Mais après tout, était-ce si peu crédible ? On est en zone libre, de l’autre côté de la mer. On sait que cette époque est chaotique, indécise, que tout peut basculer vite. Certains grands résistants ont été simplement oubliés un temps par la Police. Par exemple dans ma région Silvio Trentin, pourtant très repéré. Les mémoires de guerre de Mendès France comportent, en Afrique du nord où il est bloqué, des passages qui ne sont pas très éloignés de ceux-là.

Le côté irréel est aussi un code. Un code de la magie du cinéma. Un code hollywoodien assumé. Peut-être sans le vouloir le film assume un méta discours sur le cinéma de l’âge d’or ? Le cinéma survit à la guerre, voilà peut-être un message du film. Le rêve survit. Le glamour survit.

La mise en scène n’a rien d’extravagante. On est loin des prouesses d’autres grands classiques du cinéma, que l’on songe à « la règle du jeu » de Renoir ou à « la dame de Shangaï » de Wells. Mais c’est la mise en scène qui fonctionne pour ce film. Un jeu avec les contrastes de lumière et les ombres qui sert le romantisme du film, avant tout, les plans sur Bergman ou Bogart, saisissant leurs émotions. Et puis Casablanca c’est l’usage de la musique. Le thème de jazz « as time goes by », splendide, joue un rôle immense dans l’émotion que dégage le film, comme dans celles des personnages.

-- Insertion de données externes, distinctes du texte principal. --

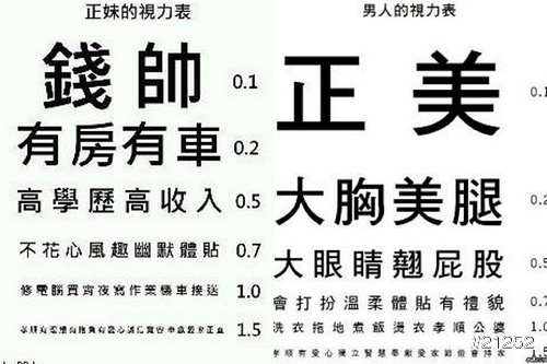 [分享] 正妹眼中看出去的世界是這樣!極中肯正妹視力檢查表

Les dialogues sont splendides, conviennent parfaitement à ce gigantesque jeu de bluff, et ce n’est pas par hasard si le film est centré autour d’un lieu de jeu d’argent. Chaque phrase est pesée et compte dans le jeu de l’amour et de la mort. Tout le monde s’efforce d’avoir un coup d’avance, et à ce jeu le personnage de Bogart est le meilleur.

C’est un drame, un drame politique, où étrangement le schéma n’est pas simplement manichéen. En pleine guerre, les scénaristes parviennent à saisir le drame de l’individu dans la guerre. Loin de dire que l’amour n’est rien, n’est que secondaire, dans ce gigantesque cataclysme, le film dit au contraire, alors que les combats sont en cours, que les passions amoureuses sont au cœur de tout et sont ce qu’il y a de plus noble. C’est par amour que Bogart sort de son cynisme désespéré, tout superficiel cependant. C’est par amour qu’il décide de prendre un nouveau virage dans sa vie. C’est par amour qu’il parvient à trouver le plan génial, rationnel, qui aboutit à sauver la résistance. Le romantisme échevelé du film se paie en plus le luxe de répudier une certaine morale bas de gamme, puisque personne n’est immoral quand il aime, dans ce film.